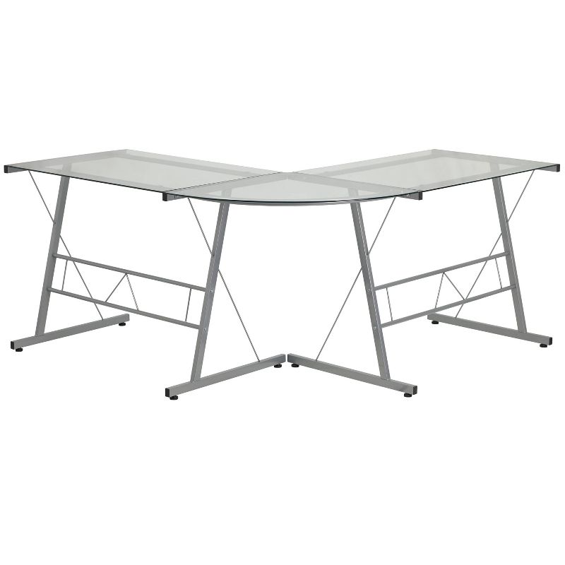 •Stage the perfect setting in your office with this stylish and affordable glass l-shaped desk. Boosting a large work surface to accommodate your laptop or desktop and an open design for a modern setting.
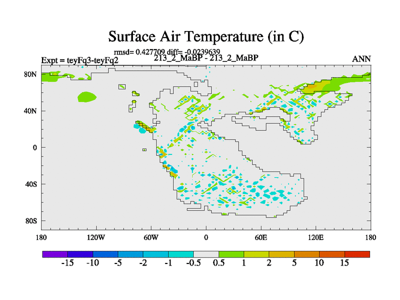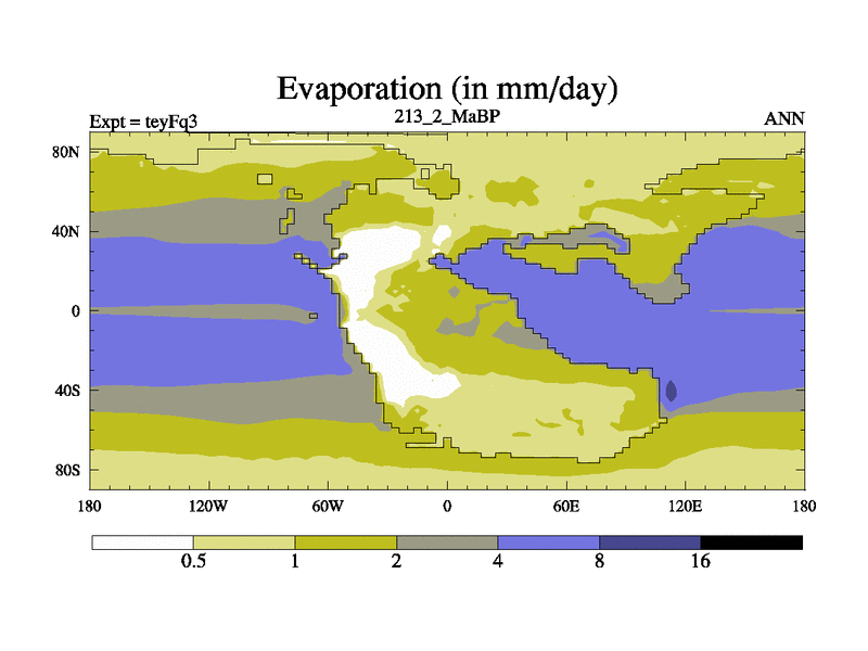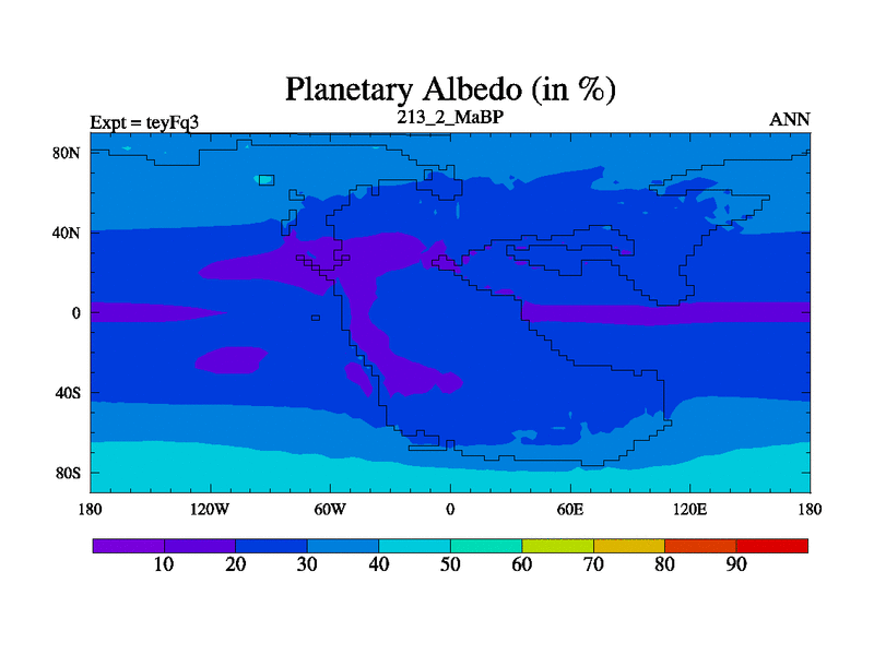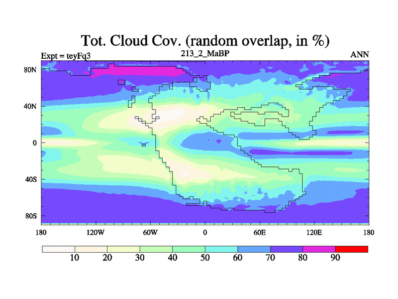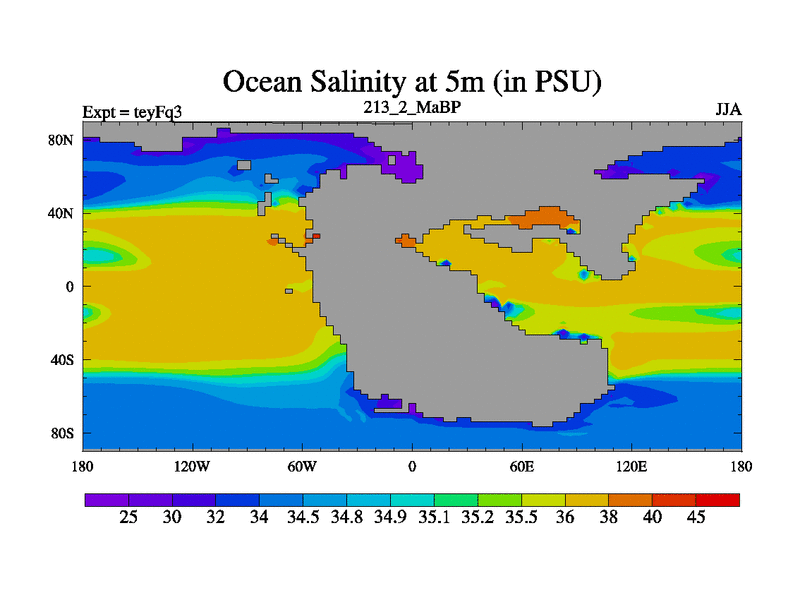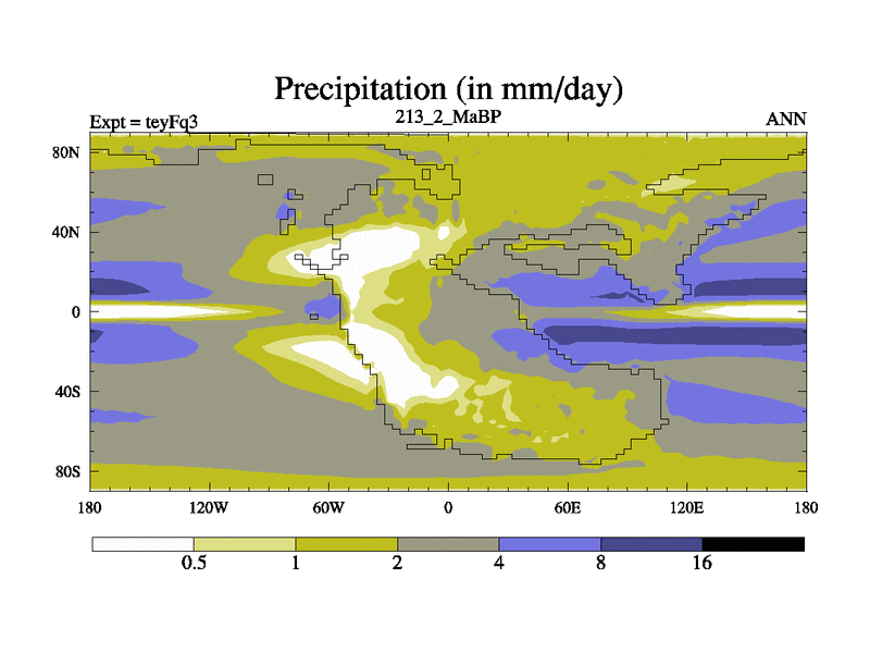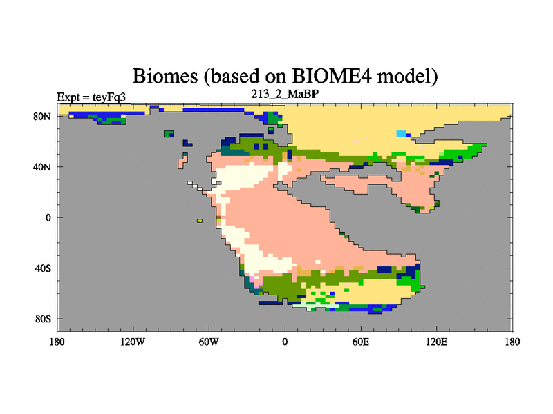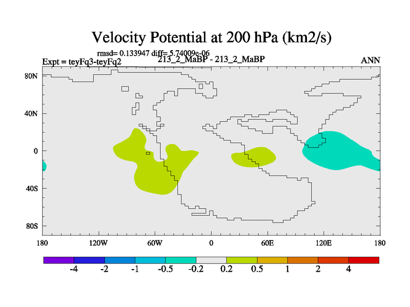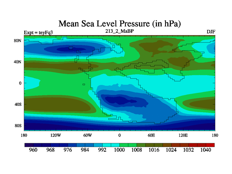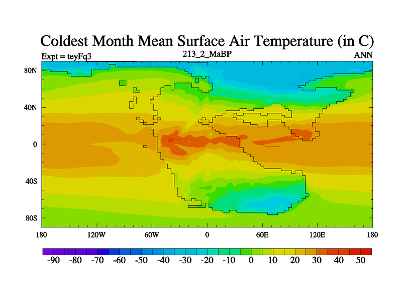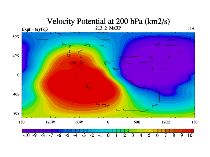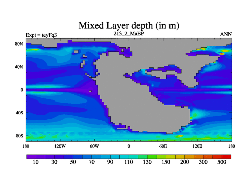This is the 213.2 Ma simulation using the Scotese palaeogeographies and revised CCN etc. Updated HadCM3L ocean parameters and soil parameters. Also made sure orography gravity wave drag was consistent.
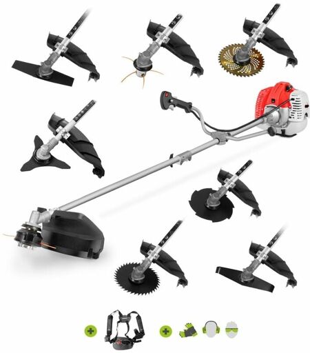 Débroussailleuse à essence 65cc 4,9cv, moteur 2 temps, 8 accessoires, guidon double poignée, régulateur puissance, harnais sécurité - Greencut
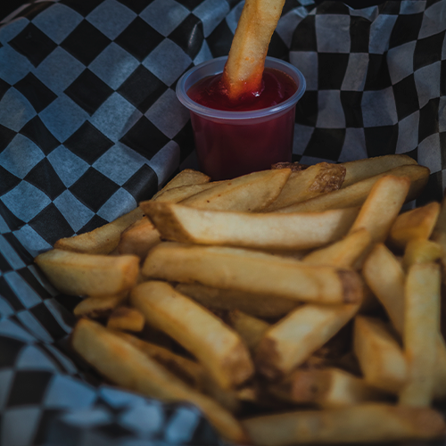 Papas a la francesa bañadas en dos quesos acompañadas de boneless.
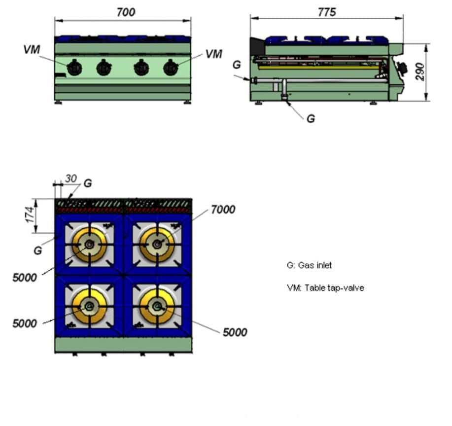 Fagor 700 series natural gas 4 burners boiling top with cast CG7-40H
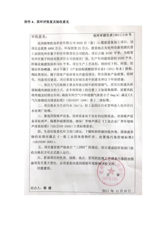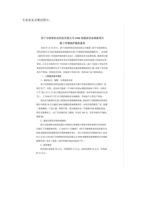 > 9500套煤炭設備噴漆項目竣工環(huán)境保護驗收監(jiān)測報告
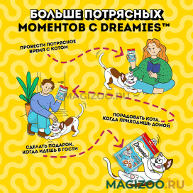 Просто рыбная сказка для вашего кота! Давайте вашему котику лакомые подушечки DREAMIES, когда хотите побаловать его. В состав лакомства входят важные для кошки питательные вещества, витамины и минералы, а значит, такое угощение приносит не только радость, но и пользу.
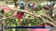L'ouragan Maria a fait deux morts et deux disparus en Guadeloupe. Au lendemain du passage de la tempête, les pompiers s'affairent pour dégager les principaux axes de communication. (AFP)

# # # # # # #

# PROBLEM DETAILS:
In the copy you return, include exactly the lines from the one containing "Просто рыбная сказка" through the final line of the listing, and no pictures.

# RESPONSE BOX:
 Просто рыбная сказка для вашего кота! Давайте вашему котику лакомые подушечки DREAMIES, когда хотите побаловать его. В состав лакомства входят важные для кошки питательные вещества, витамины и минералы, а значит, такое угощение приносит не только радость, но и пользу.
L'ouragan Maria a fait deux morts et deux disparus en Guadeloupe. Au lendemain du passage de la tempête, les pompiers s'affairent pour dégager les principaux axes de communication. (AFP)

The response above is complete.